Adding an additional step may not be in the interest of all.

side note, what will happen to captive portals that require credentials in order to access? (like Evil portal)

Anyway, I wouldn't be surprised if other sites follow suit.

My bank requires that I access with a digital token. That's not very convenient to have to carry a token everywhere you go.

I think this new process will be a hard sell.

[cooper]

My bank lets me view my banking info via a simple username/password prompt, but when you want to change anything (transfer funds etc) they text you a random 6-digit code which you need to provide on the website. Works great.

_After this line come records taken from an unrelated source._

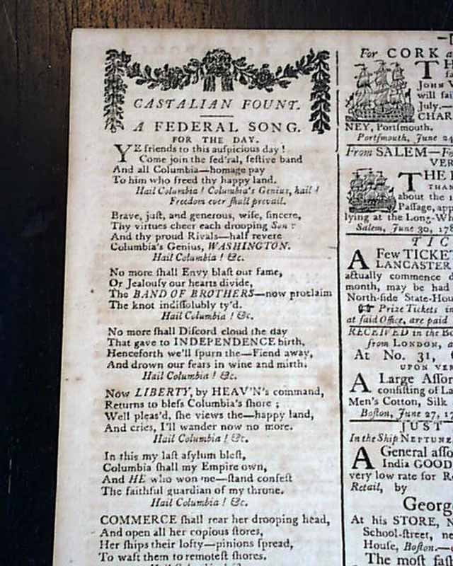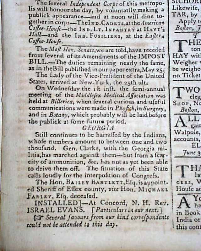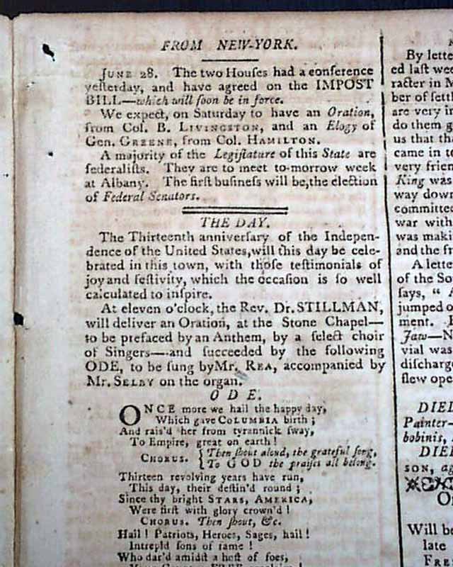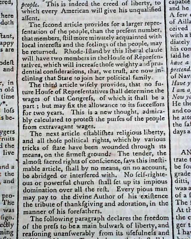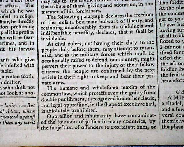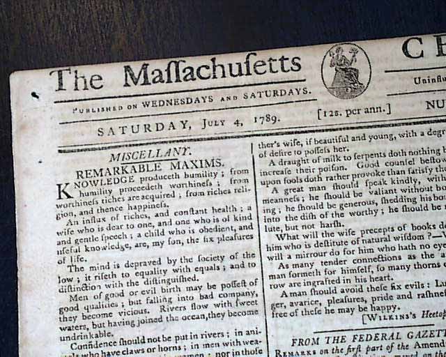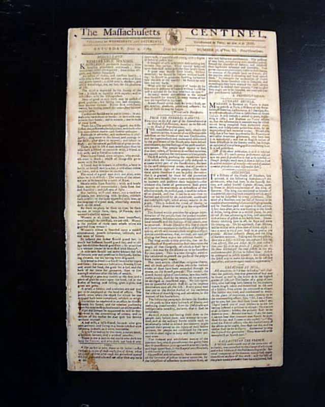 THE MASSACHUSETTS CENTINEL, Boston, July 4, 1789 A great issue as one-third of the front page is taken up with: "Remarks on the First Part of the Amendments to the Federal Constitution, Moved on the 8th inst., in the House of Representatives". Included are specific references to various amendments, such as: "The first article, pursuing the republican spirit with which the Convention of 1787 designed to animate...declares in the most unequivocal terms, that all power is the exclusive right of the people...". "The second article provides for a lager representation of the people than the present number...". "The next article establishes religious liberty and all those political rights...". "The following paragraph declares the freedom of the press to be a main bulwark of liberty..." and much more. Great discussion from the early period of creating a Bill of Rights, not to be concluded for several months.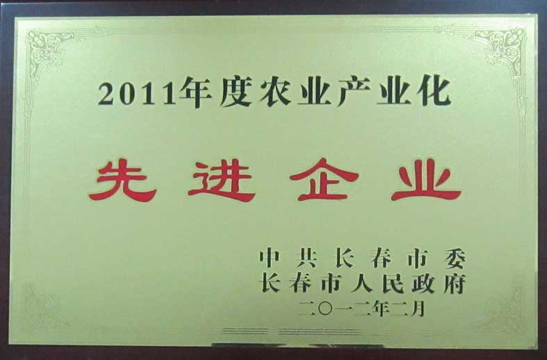 長春市委市政府2011年度農(nóng)業(yè)產(chǎn)業(yè)化先進企業(yè)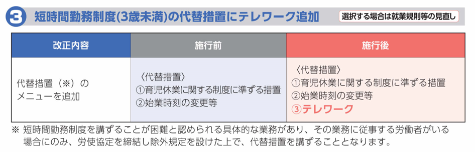 3. 短時間勤務制度(3歳未満)の代替措置にテレワーク追加(令和7年10月1日施行)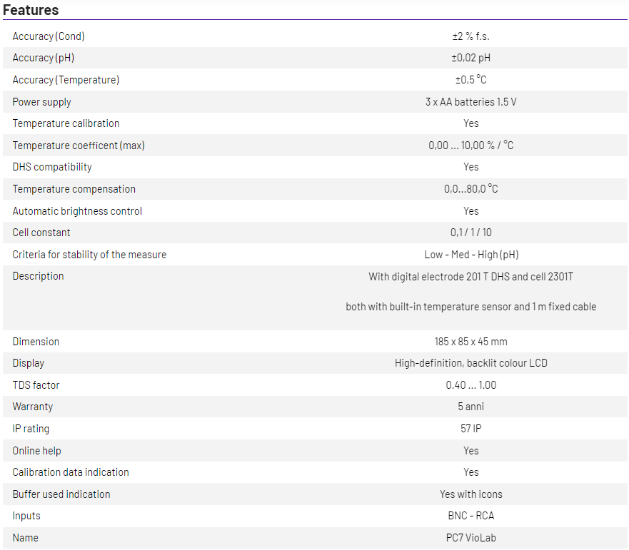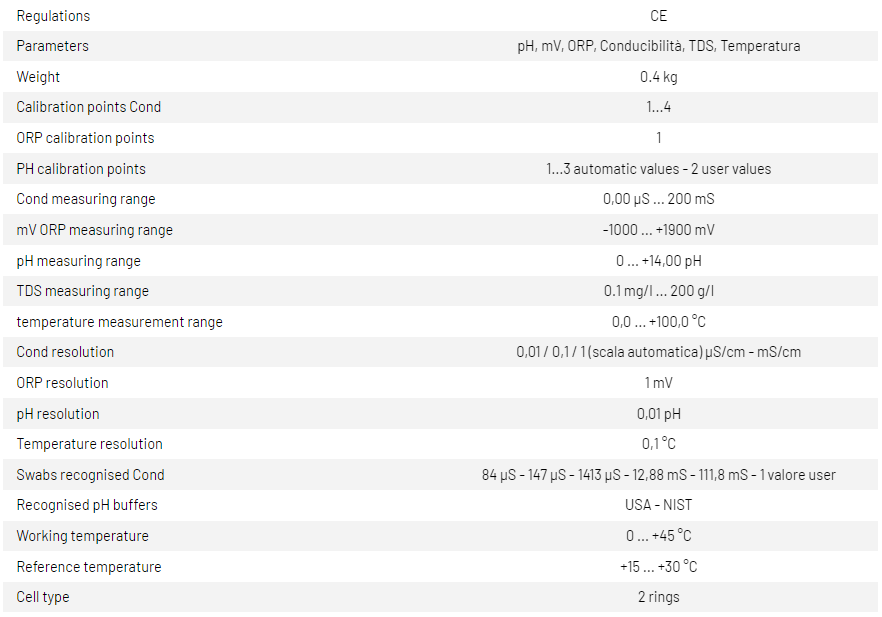 - Measurement of pH, mV, ORP, Conductivity, TDS, with temperature display and the possibility to select the parameters you want to view.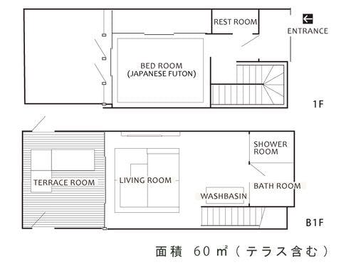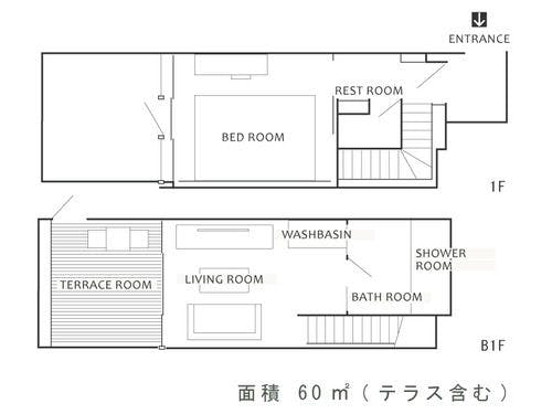 ○テラスを含め広さ約60平米のメゾネットタイプ
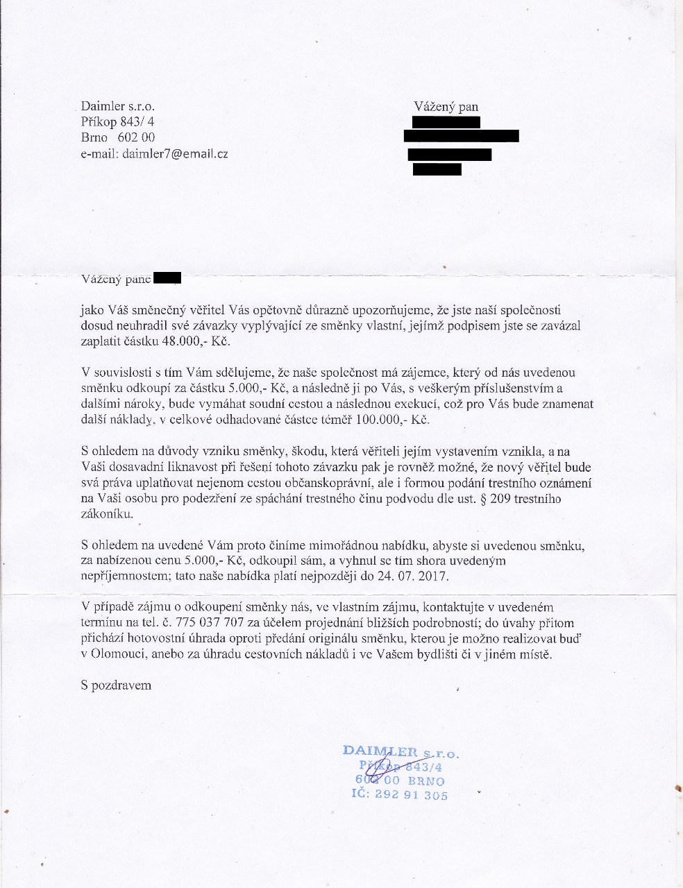 "Také jste dostali v těchto dnech dáreček od Daimlera ? Můj syn ano. Musím říct, že jsme se tomu zasmáli, jak Daimleři krásně zpochybnili hodnotu stejně již tak neplatných směnek v hodnotě 48 000 Kč. Aspoň u mého syna jde o směnku, která je již dva roky promlčená. Kupte si vaši směnku za 5000 Kč, nebo ... . Jde o další ze zoufalých pokusů této firmy, dostat z podvedených občanů IFP, aspoň nějaké peníze, protože standartním postupem přes soud holt nemají nárok. Posuďte sami - viz. obrázek. A hlavně, nenechte se zastrašit a nepřistupujte na tuto "výhodnou" nabídku. Tím byste totiž uznali váš dluh", vzkazuje podvedeným, jeden z našich dopisovatelů.

They also have an app. Here that specific device is first authorized by you to work with your account (requiring another 6-digit code). You need to set a 5-digit code to start the app and repeat that 5-digit code for any change (transfer..) you make through it. If anything, this would be the weak spot as I would've expected them to text another 6-digit code here and ask you to enter it. On the one hand the code should arrive on the same device, so what are you trying to prove? On the other you could be using this app from a tablet in which case the text could provide further proof you're you. Finally, if anything that 5-digit change code for the app should be something different from the one to start the app, but I'm guessing people felt that was too complicated.

I've got passwordless authentication set up pretty much everywhere so at least the problem of using shitty weak passwords isn't one of mine.

[i8igmac]

Years ago Traffic was 100% insecure ... all your data was viewable by anyone on the wire capable...

my opinion, ever since snowdin went public, social media has brought this information to hole new level...

Hackers will adapt!

My old projects were all about hijacking traffic injecting meterpreters... not fun anymore with this new secure standards.

[cheeto]

The problem with digital tokens is that you need to carry them around with you if you wish to access/transfer funds etc...

What is rather interesting and I would assume safe is that my bank as an Android App that requires no tokens or anything of that nature. A simple user/pass is all that is needed. I think mobile phone apps are by far the safest way to go.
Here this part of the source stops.